When the listing below reaches the line that has "A glassy orange", start reproducing exactly; stop after the line that has "2021年9月10日上午,楚", and drop the pictures.

EXCERPTED RECORDS:
___
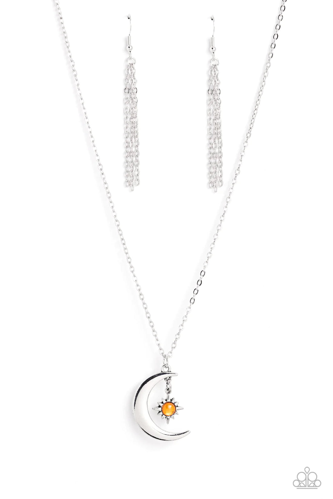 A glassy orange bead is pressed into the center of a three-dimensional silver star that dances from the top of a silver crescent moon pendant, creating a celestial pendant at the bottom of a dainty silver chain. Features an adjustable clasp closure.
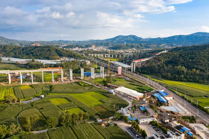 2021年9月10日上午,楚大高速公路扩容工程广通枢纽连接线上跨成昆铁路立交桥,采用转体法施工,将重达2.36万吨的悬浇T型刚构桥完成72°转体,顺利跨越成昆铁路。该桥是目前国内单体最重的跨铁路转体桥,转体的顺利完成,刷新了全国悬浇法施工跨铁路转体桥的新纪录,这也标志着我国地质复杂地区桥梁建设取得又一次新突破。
___
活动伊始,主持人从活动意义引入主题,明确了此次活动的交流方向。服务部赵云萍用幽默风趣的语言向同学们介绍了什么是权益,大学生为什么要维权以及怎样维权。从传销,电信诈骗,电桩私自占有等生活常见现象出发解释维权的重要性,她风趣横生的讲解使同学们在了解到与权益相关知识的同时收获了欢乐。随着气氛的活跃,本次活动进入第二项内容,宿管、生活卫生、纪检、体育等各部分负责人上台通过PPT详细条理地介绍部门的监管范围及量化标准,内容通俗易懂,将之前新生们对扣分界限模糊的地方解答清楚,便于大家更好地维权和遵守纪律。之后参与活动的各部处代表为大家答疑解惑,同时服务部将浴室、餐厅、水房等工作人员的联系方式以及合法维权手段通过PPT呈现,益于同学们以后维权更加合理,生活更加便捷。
___
WRITTEN RESPONSE:
 A glassy orange bead is pressed into the center of a three-dimensional silver star that dances from the top of a silver crescent moon pendant, creating a celestial pendant at the bottom of a dainty silver chain. Features an adjustable clasp closure.
 2021年9月10日上午,楚大高速公路扩容工程广通枢纽连接线上跨成昆铁路立交桥,采用转体法施工,将重达2.36万吨的悬浇T型刚构桥完成72°转体,顺利跨越成昆铁路。该桥是目前国内单体最重的跨铁路转体桥,转体的顺利完成,刷新了全国悬浇法施工跨铁路转体桥的新纪录,这也标志着我国地质复杂地区桥梁建设取得又一次新突破。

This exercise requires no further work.